> Activity:
Return the data below exactly as given, except for the images.

====== Information provided ======

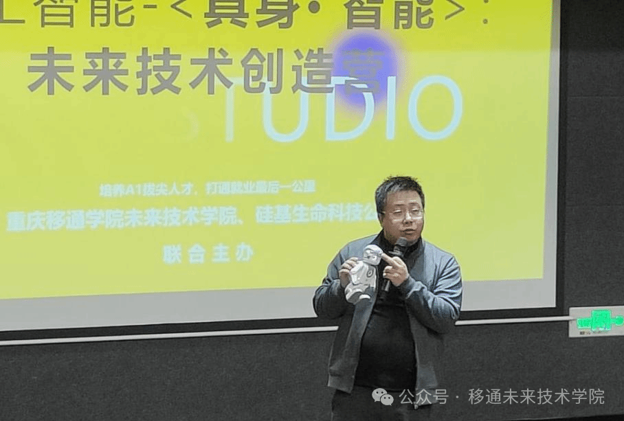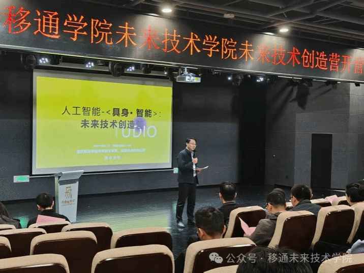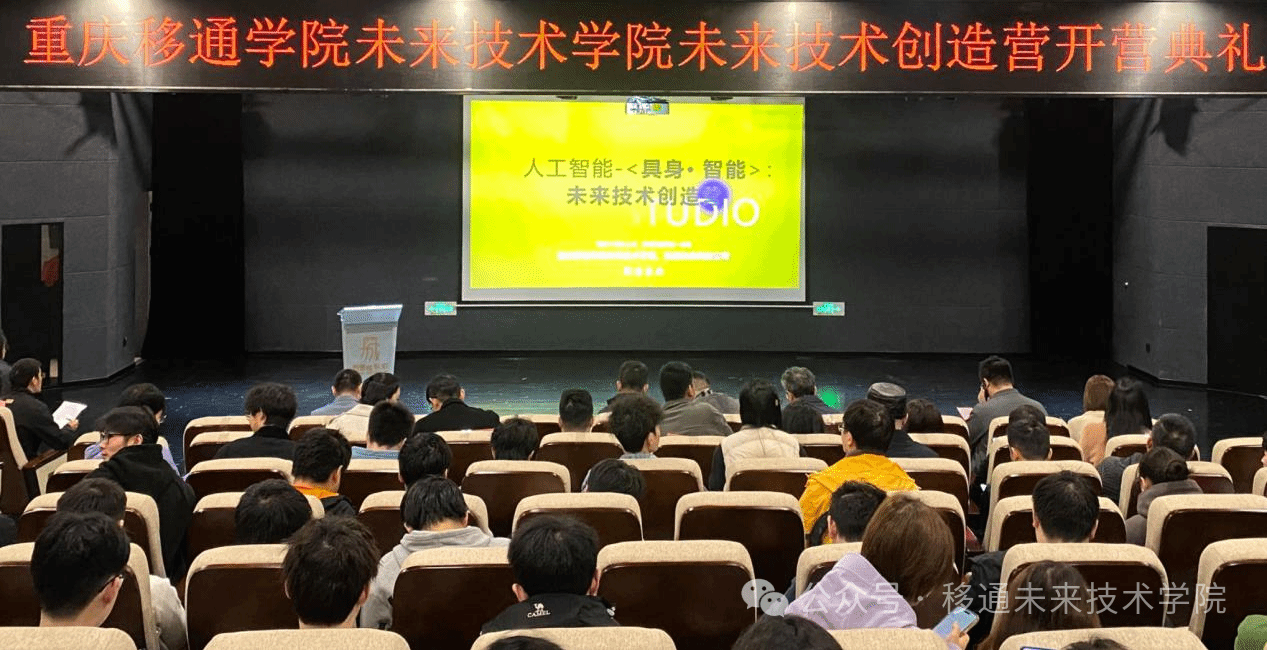 11月13日上午,重庆移通学院(合川校区)六度空间黑匣子剧场内,一场关于未来与光明的征程正式启航。由重庆移通学院未来技术学院与硅基生命科技公司联合主办的“人工智能《具身·智能》未来技术创造营”在此隆重开营。重庆移通学院副校长陈仲华、中国科学院大学重庆学院双创学院院长李向东,以及来自重庆市工程师协会、重庆市小微企业协会、重庆校企融合协会等4个协会,硅基生命科技公司、重庆善信智能科技公司、上优才仕人力资源咨询重庆公司、中连建业(重庆)人力资源公司等7个企业的领导及嘉宾出席了本次开营仪式。
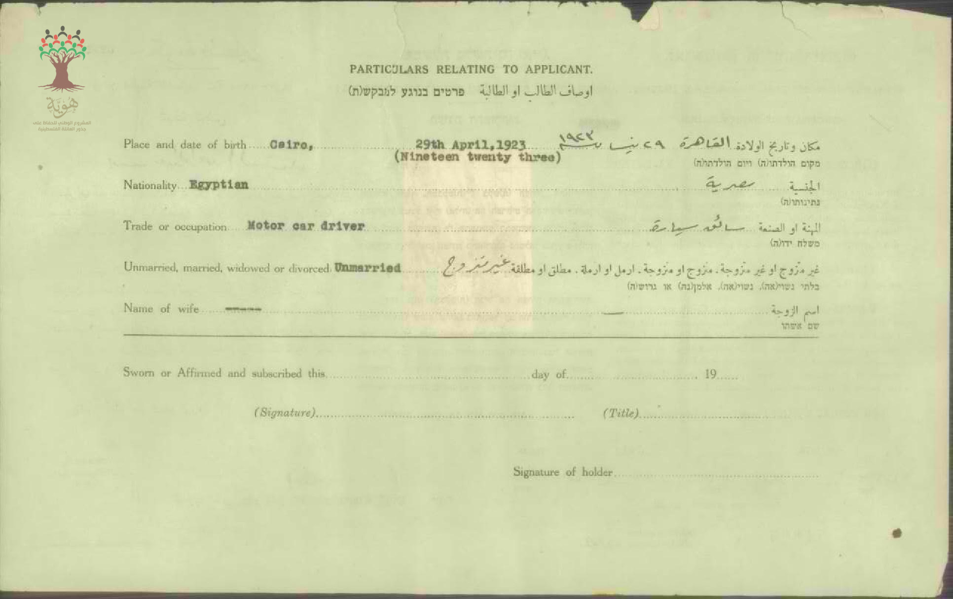 شهادة الجنسية الفلسطينية ل يوسف السيد
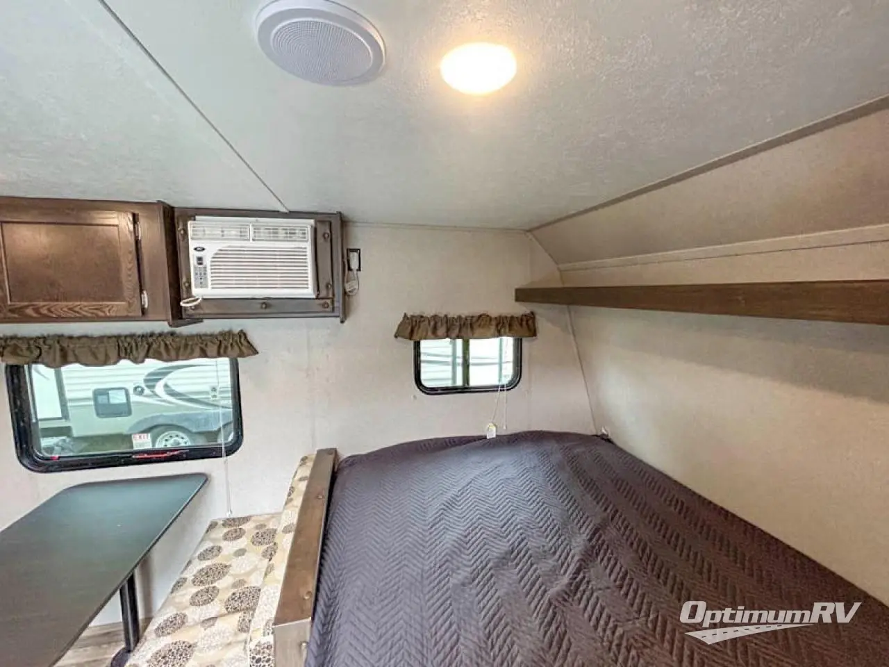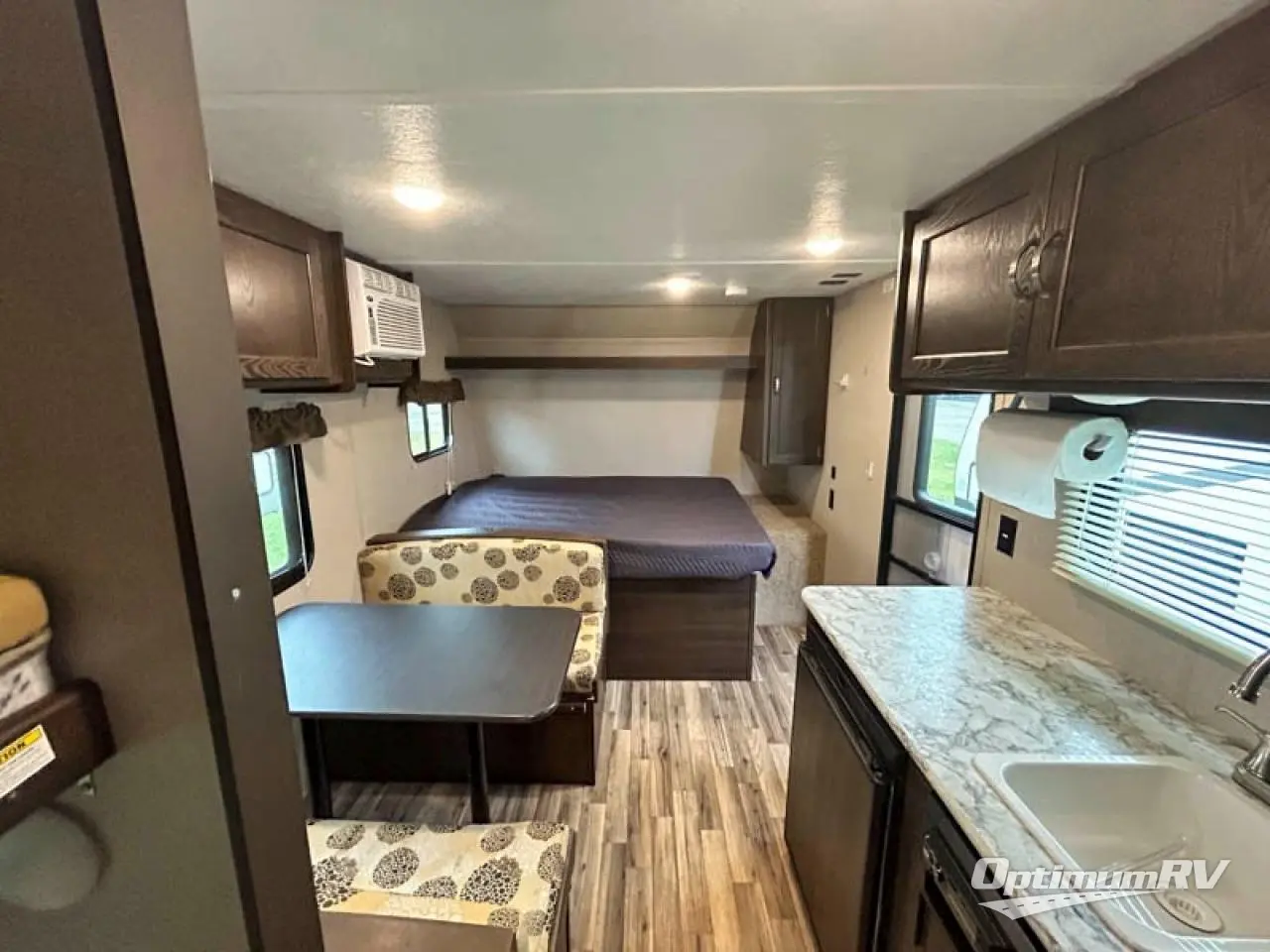 For a lightweight travel trailer that can easily accommodate your family you will want this Springdale Mini 1800BH! Your kids will enjoy their own space with the rear set of 32" x 75" bunk beds. Mom and dad can get a good night's rest on the front queen bed and if needed the booth dinette can easily sleep a person or two small children. In the rear left corner of this model is the rear bathroom with an exhaust fan to eliminate the steam as you take a relaxing hot shower. You will not be lacking in storage with all of the overhead cabinets plus the exterior pass through storage big enough to hold your outdoor gear!

======

> Response to this task:
 11月13日上午,重庆移通学院(合川校区)六度空间黑匣子剧场内,一场关于未来与光明的征程正式启航。由重庆移通学院未来技术学院与硅基生命科技公司联合主办的“人工智能《具身·智能》未来技术创造营”在此隆重开营。重庆移通学院副校长陈仲华、中国科学院大学重庆学院双创学院院长李向东,以及来自重庆市工程师协会、重庆市小微企业协会、重庆校企融合协会等4个协会,硅基生命科技公司、重庆善信智能科技公司、上优才仕人力资源咨询重庆公司、中连建业(重庆)人力资源公司等7个企业的领导及嘉宾出席了本次开营仪式。
 شهادة الجنسية الفلسطينية ل يوسف السيد
 For a lightweight travel trailer that can easily accommodate your family you will want this Springdale Mini 1800BH! Your kids will enjoy their own space with the rear set of 32" x 75" bunk beds. Mom and dad can get a good night's rest on the front queen bed and if needed the booth dinette can easily sleep a person or two small children. In the rear left corner of this model is the rear bathroom with an exhaust fan to eliminate the steam as you take a relaxing hot shower. You will not be lacking in storage with all of the overhead cabinets plus the exterior pass through storage big enough to hold your outdoor gear!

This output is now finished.